• [Supplied information]
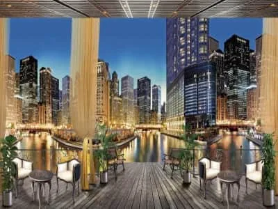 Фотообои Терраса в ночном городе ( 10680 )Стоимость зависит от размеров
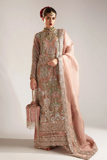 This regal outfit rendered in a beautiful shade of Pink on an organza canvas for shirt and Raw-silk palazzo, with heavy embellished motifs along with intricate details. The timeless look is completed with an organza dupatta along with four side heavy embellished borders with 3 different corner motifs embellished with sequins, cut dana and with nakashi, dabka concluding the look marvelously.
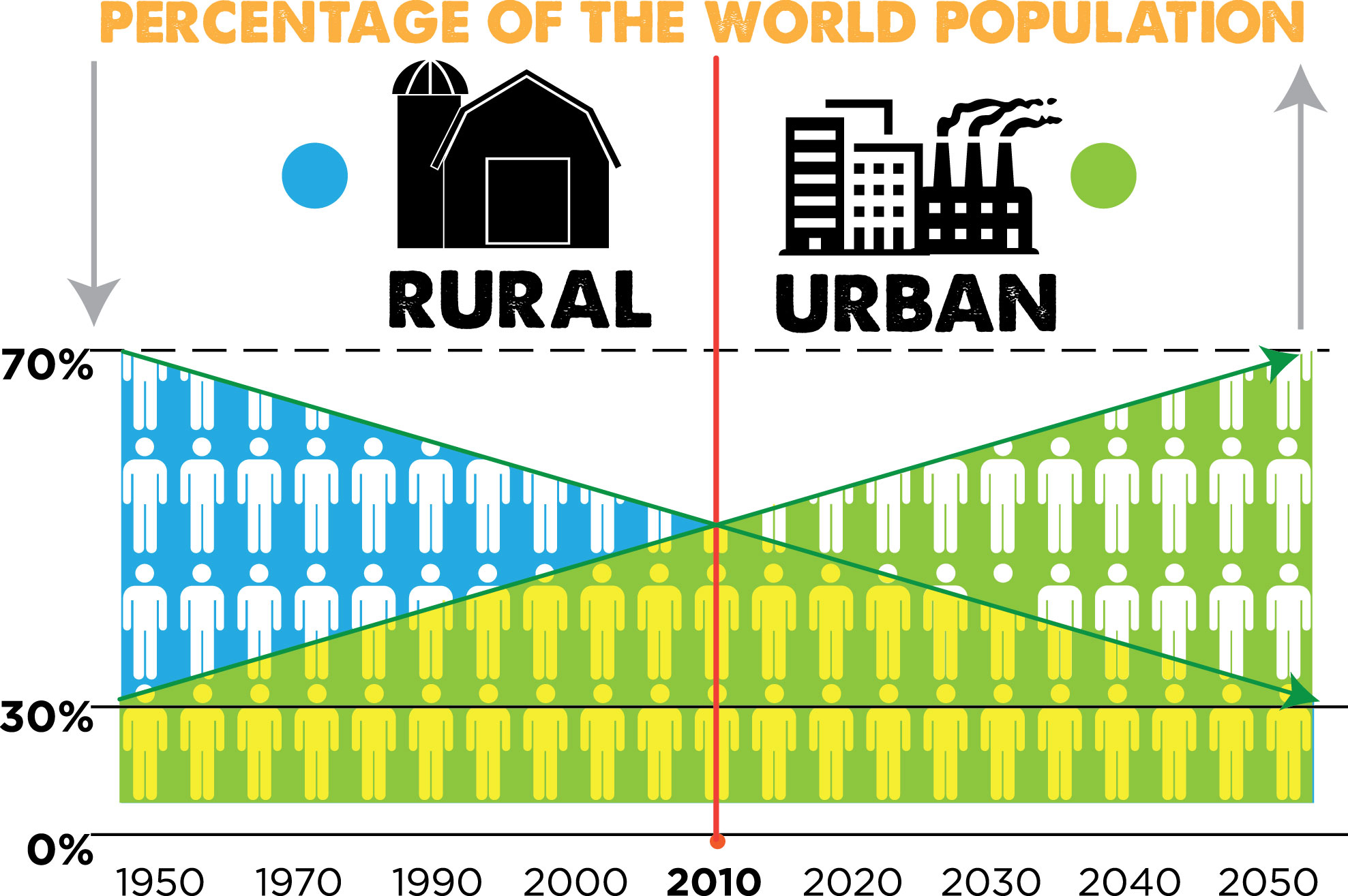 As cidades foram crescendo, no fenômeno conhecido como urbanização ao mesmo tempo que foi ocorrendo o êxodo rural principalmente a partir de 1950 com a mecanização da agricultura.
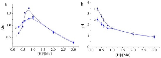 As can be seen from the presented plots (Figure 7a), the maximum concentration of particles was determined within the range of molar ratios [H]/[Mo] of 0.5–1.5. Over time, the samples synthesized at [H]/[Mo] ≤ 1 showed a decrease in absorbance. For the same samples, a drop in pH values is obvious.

• [Work to complete]
Copy only what lies between the start of the listing above and the line containing "As cidades foram", inclusive of both ends, exactly as written, and drop the pictures.

• [Completed exercise]
 Фотообои Терраса в ночном городе ( 10680 )Стоимость зависит от размеров
 This regal outfit rendered in a beautiful shade of Pink on an organza canvas for shirt and Raw-silk palazzo, with heavy embellished motifs along with intricate details. The timeless look is completed with an organza dupatta along with four side heavy embellished borders with 3 different corner motifs embellished with sequins, cut dana and with nakashi, dabka concluding the look marvelously.
 As cidades foram crescendo, no fenômeno conhecido como urbanização ao mesmo tempo que foi ocorrendo o êxodo rural principalmente a partir de 1950 com a mecanização da agricultura.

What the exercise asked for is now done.